(Stored records)

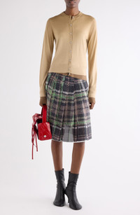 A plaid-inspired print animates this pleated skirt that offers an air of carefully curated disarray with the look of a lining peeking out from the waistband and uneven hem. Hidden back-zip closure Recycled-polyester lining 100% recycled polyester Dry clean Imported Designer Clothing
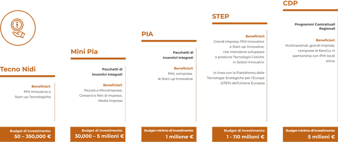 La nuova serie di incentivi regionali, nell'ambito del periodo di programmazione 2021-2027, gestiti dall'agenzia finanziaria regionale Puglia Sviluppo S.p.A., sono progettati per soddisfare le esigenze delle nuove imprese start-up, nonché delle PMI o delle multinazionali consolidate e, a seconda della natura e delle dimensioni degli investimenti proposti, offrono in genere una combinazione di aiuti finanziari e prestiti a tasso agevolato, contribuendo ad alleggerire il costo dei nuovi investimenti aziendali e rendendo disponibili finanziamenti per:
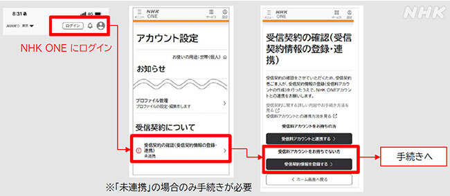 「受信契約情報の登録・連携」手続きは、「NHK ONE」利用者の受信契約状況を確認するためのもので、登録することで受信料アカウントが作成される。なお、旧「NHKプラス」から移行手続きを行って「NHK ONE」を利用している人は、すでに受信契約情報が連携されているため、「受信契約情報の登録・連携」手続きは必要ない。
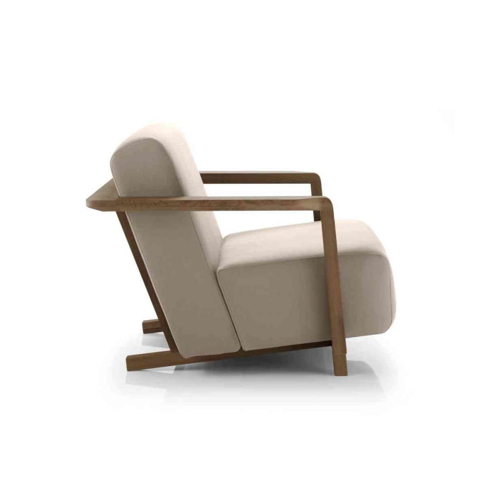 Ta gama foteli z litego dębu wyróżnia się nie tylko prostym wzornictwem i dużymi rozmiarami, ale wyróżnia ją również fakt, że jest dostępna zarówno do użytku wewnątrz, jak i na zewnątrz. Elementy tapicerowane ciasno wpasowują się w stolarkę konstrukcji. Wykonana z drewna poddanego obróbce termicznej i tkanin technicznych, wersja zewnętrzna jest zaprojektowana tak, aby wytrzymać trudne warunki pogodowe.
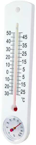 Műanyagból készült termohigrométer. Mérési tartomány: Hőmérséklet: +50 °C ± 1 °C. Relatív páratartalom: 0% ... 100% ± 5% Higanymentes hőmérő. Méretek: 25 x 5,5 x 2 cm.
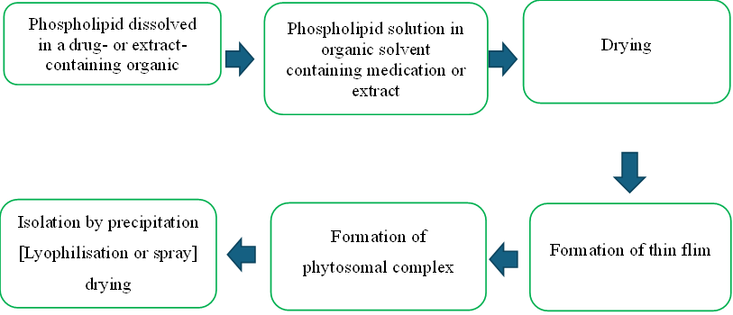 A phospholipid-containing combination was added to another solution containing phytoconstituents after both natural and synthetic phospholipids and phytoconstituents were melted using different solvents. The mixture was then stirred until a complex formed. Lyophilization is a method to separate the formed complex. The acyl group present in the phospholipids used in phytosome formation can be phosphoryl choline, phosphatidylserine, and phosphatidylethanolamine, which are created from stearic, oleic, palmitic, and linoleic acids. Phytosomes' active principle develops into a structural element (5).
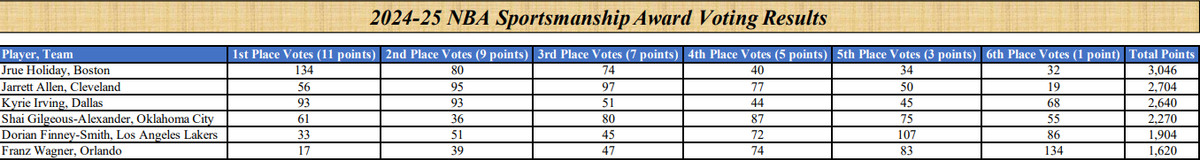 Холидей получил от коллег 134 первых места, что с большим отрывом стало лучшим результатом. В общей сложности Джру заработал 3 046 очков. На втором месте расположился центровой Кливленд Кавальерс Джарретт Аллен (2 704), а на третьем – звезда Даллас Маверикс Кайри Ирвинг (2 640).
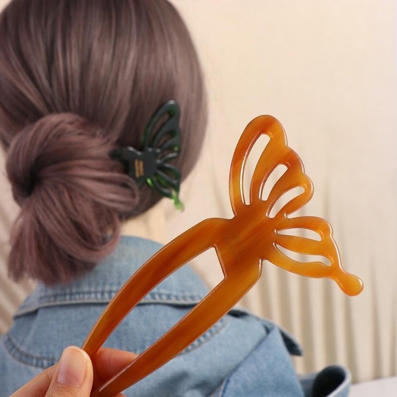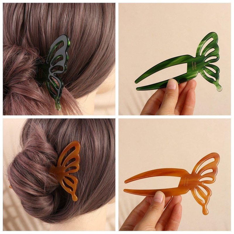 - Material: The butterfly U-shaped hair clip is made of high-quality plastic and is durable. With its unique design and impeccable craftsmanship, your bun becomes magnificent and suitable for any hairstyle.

# What you need to do:
Reproduce exactly the lines that run from the line holding "Холидей получил от" through the final line of the entries, and omit every picture.

# Answer to this exercise:
 Холидей получил от коллег 134 первых места, что с большим отрывом стало лучшим результатом. В общей сложности Джру заработал 3 046 очков. На втором месте расположился центровой Кливленд Кавальерс Джарретт Аллен (2 704), а на третьем – звезда Даллас Маверикс Кайри Ирвинг (2 640).
 - Material: The butterfly U-shaped hair clip is made of high-quality plastic and is durable. With its unique design and impeccable craftsmanship, your bun becomes magnificent and suitable for any hairstyle.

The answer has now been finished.